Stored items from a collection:
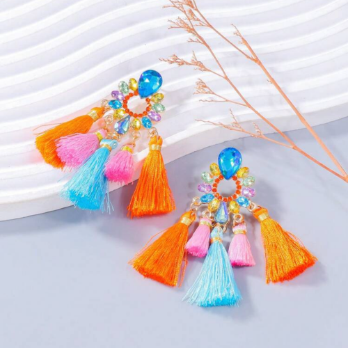 Turn every room into your runway with these playful, color-packed statement earrings. Designed with sparkling iridescent gems and multi-layer tassels in bright orange, pink, and aqua, they bring the perfect mix of fun, flair, and festival energy.
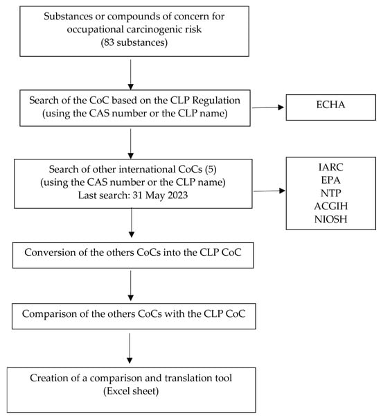 Substances and compounds of concern due to their occupational carcinogenic risk, that have been classified as carcinogens or suspected to be carcinogens based on the CLP Regulation, have been selected for the study. Two of the authors (C.Z. and A.S.) selected a list of chemical agents and their respective CLP CoC from the list of harmonized entries in Annex VI of CLP (18th Adaptation of Technical Progress which will come into effect in November 2023 [10]). The ECHA tool “Simple search for chemicals/regulated substances” [11] was consulted too. Once the CoC was defined according to CLP, the international CoCs by IARC [12], US EPA [13], US NTP—National Toxicology Program [14], ACGIH [15], and NIOSH—National Institute for Occupational Safety and Health [16] were obtained for the same chemical agents. Chemicals’ classifications were searched using their specific CAS number (Chemical Abstract Service Registry Number) or, if CAS numbers were not available for certain chemicals, using their CLP ECHA name. The last search was performed in May 2023.
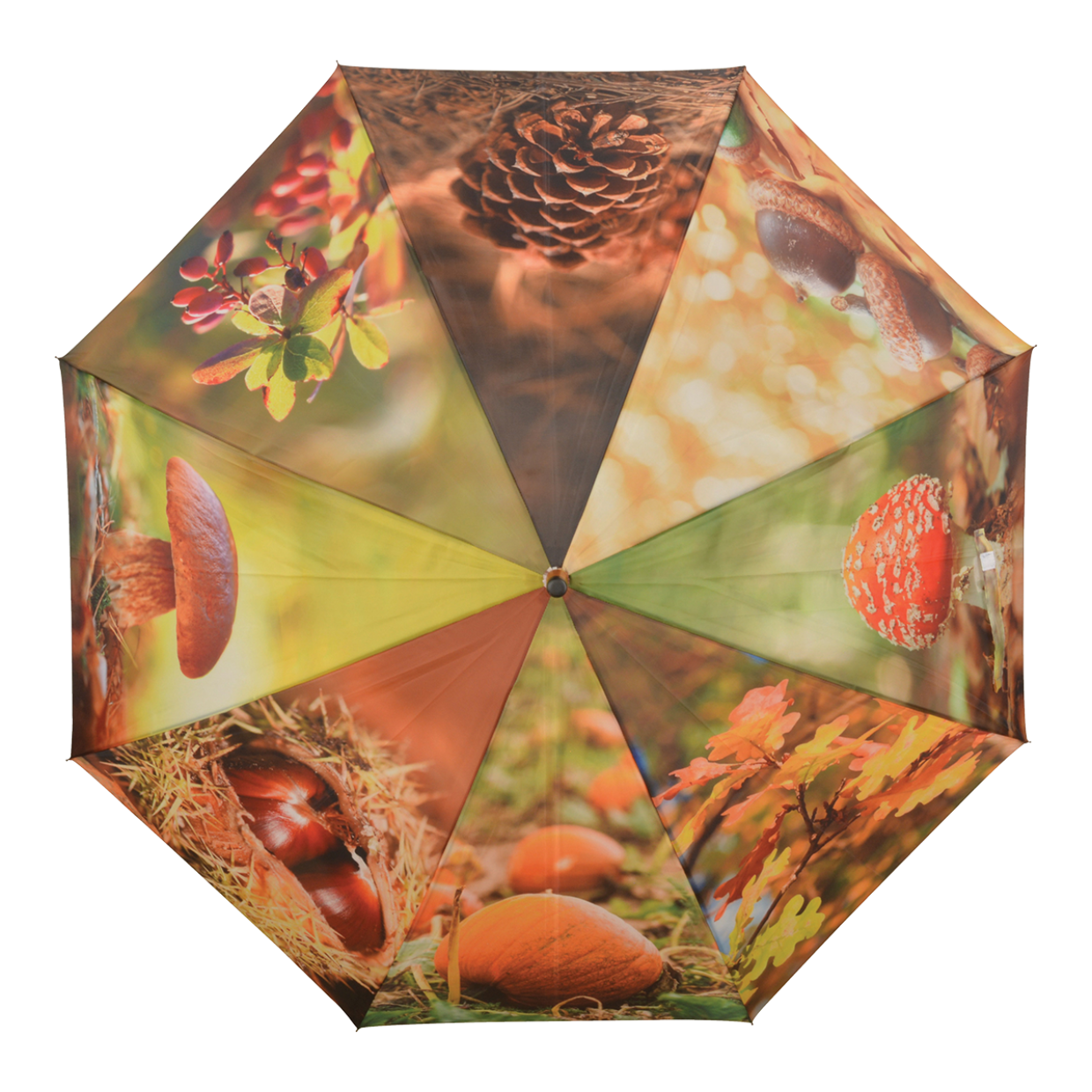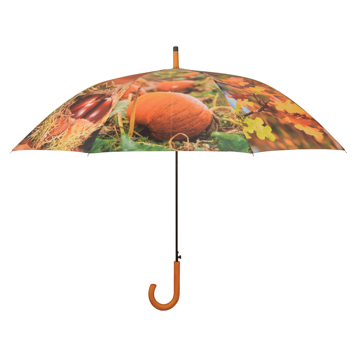 Paraplu met 8 verschillende herfsprints; pompoen, kastanje, paddenstoel, bessen, dennenappel en bladeren
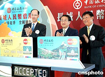 中銀香港總裁劉金寶博士、副總裁林炎南及中銀卡(國際)有限公司總經理蘇誠信,12月17日主持儀式,推介香港發行的首張人民幣信用卡。洪少葵 攝
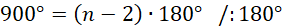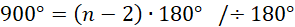 W tym zadaniu należy ile boków ma wielokąt foremny o sumie miar kątów wewnętrznych równych 900°.
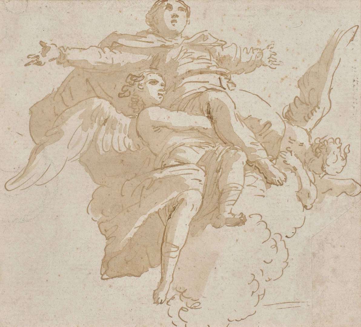 Plume, encre brune et lavis brun
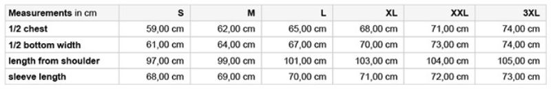 | Toote suurus | S, M, L, XL, XXL, 3XL |
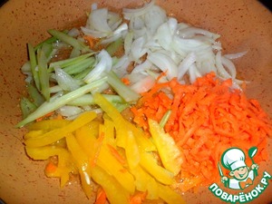 В оставшемся масле 2 ст. л. обжарить нарезанные соломкой перец и сельдерей, перьями нарезанный лук, натертую морковь.
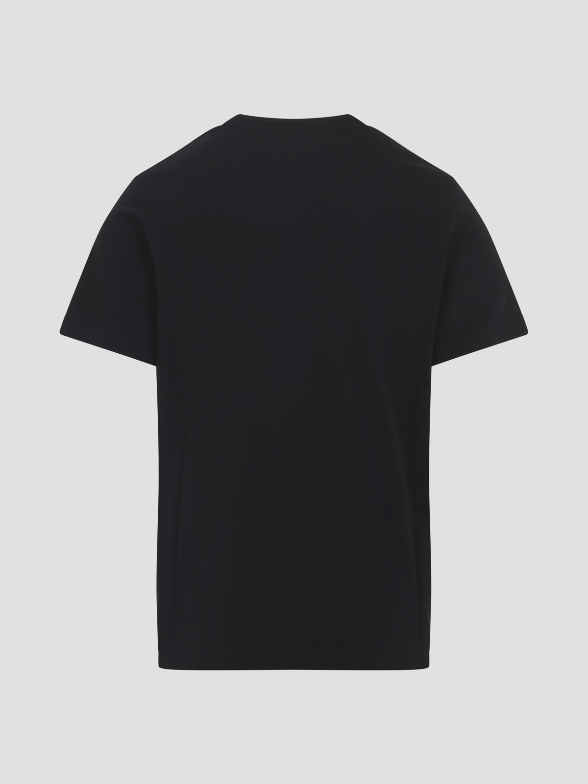 T-shirt Moncler in cotone nero. T-shirt classica realizzata in jersey di cotone nero, caratterizzata da scollo rotondo a costine, logo stampato sul petto, toppa con logo in gomma sulla manica, maniche corte e orlo dritto.
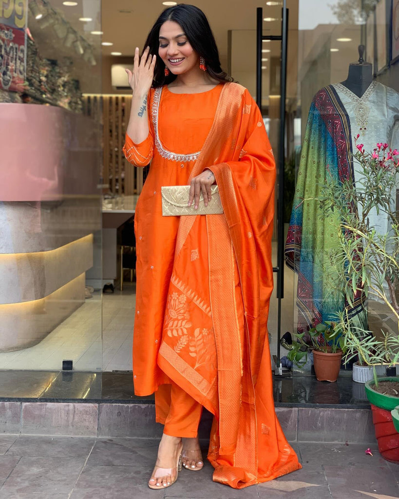 Anni Designer Women'S Silk Blend Straight Embroidered Kurta With Pant & Dupatta (Deluxe Orange-Vks01_L_Orange_Large)
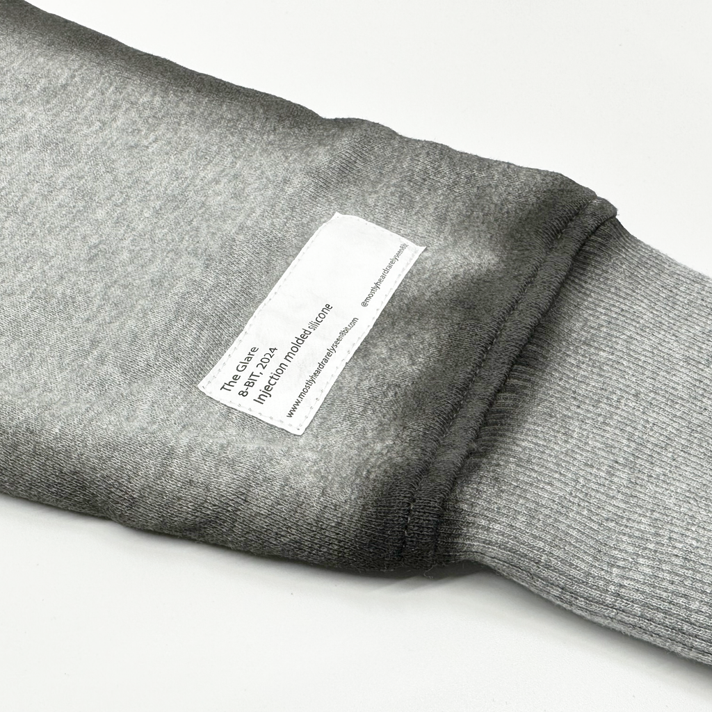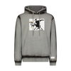 Cotton hoodie wth 8-bit applique, sprayed seam detailing and a printed tyvek label applique
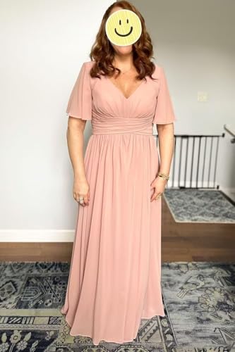 • Features: Unique double V-Neck with ruched bust design make this bridesmaid dress flattering and gorgeous, Flowy chiffon bridesmaid dresses with pockets for women, elegant v neck pleated evening gown with empire waist, paired with short flutter sleeves and classic open back. The look is complete with an A-line skirt and leg slit.
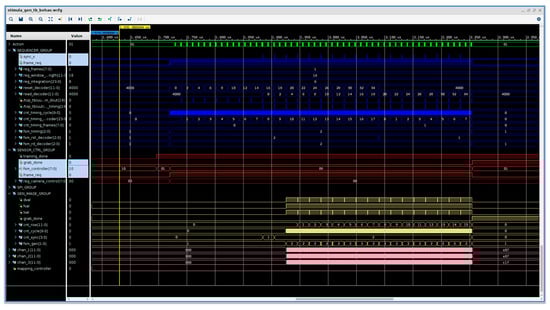 This signal is used to start or enable an FSM that controls the sensor readout cycle. This cycle consists of three phases: resetting rows, waiting for the configured exposure time, and eventually reading out in row order [14]. Figure 8 depicts a VHDL hardware simulation of the acquisition process in the sensor driver of Figure 2, showing only 32 rows for the compressed view. After the HW trigger signal is received, the sensor driver module controls the acquisition process by generating the image request signal (frame_req set to high red signal in Figure 8) and generating the time signals to synchronize the data readout (blue signals in Figure 8). The sync_x signal sets the data reading rate on the GPIXEL sensor device and, when the fval signal is set to 1, controls the time period where the data are available to be transmitted to the host. After the last line, the lval signal is transmitted, the grab_done signal (red in Figure 8) is set to high, and the sensor driver control goes into an idle state, waiting for a new HW trigger or command from the host.

(Problem requirements) Please reproduce each entry above word for word and keep the pictures out of the copy.

(Task response)
 Turn every room into your runway with these playful, color-packed statement earrings. Designed with sparkling iridescent gems and multi-layer tassels in bright orange, pink, and aqua, they bring the perfect mix of fun, flair, and festival energy.
 Substances and compounds of concern due to their occupational carcinogenic risk, that have been classified as carcinogens or suspected to be carcinogens based on the CLP Regulation, have been selected for the study. Two of the authors (C.Z. and A.S.) selected a list of chemical agents and their respective CLP CoC from the list of harmonized entries in Annex VI of CLP (18th Adaptation of Technical Progress which will come into effect in November 2023 [10]). The ECHA tool “Simple search for chemicals/regulated substances” [11] was consulted too. Once the CoC was defined according to CLP, the international CoCs by IARC [12], US EPA [13], US NTP—National Toxicology Program [14], ACGIH [15], and NIOSH—National Institute for Occupational Safety and Health [16] were obtained for the same chemical agents. Chemicals’ classifications were searched using their specific CAS number (Chemical Abstract Service Registry Number) or, if CAS numbers were not available for certain chemicals, using their CLP ECHA name. The last search was performed in May 2023.
 Paraplu met 8 verschillende herfsprints; pompoen, kastanje, paddenstoel, bessen, dennenappel en bladeren
 中銀香港總裁劉金寶博士、副總裁林炎南及中銀卡(國際)有限公司總經理蘇誠信,12月17日主持儀式,推介香港發行的首張人民幣信用卡。洪少葵 攝
 W tym zadaniu należy ile boków ma wielokąt foremny o sumie miar kątów wewnętrznych równych 900°.
 Plume, encre brune et lavis brun
 | Toote suurus | S, M, L, XL, XXL, 3XL |
 В оставшемся масле 2 ст. л. обжарить нарезанные соломкой перец и сельдерей, перьями нарезанный лук, натертую морковь.
 T-shirt Moncler in cotone nero. T-shirt classica realizzata in jersey di cotone nero, caratterizzata da scollo rotondo a costine, logo stampato sul petto, toppa con logo in gomma sulla manica, maniche corte e orlo dritto.
 Anni Designer Women'S Silk Blend Straight Embroidered Kurta With Pant & Dupatta (Deluxe Orange-Vks01_L_Orange_Large)
 Cotton hoodie wth 8-bit applique, sprayed seam detailing and a printed tyvek label applique
 • Features: Unique double V-Neck with ruched bust design make this bridesmaid dress flattering and gorgeous, Flowy chiffon bridesmaid dresses with pockets for women, elegant v neck pleated evening gown with empire waist, paired with short flutter sleeves and classic open back. The look is complete with an A-line skirt and leg slit.
 This signal is used to start or enable an FSM that controls the sensor readout cycle. This cycle consists of three phases: resetting rows, waiting for the configured exposure time, and eventually reading out in row order [14]. Figure 8 depicts a VHDL hardware simulation of the acquisition process in the sensor driver of Figure 2, showing only 32 rows for the compressed view. After the HW trigger signal is received, the sensor driver module controls the acquisition process by generating the image request signal (frame_req set to high red signal in Figure 8) and generating the time signals to synchronize the data readout (blue signals in Figure 8). The sync_x signal sets the data reading rate on the GPIXEL sensor device and, when the fval signal is set to 1, controls the time period where the data are available to be transmitted to the host. After the last line, the lval signal is transmitted, the grab_done signal (red in Figure 8) is set to high, and the sensor driver control goes into an idle state, waiting for a new HW trigger or command from the host.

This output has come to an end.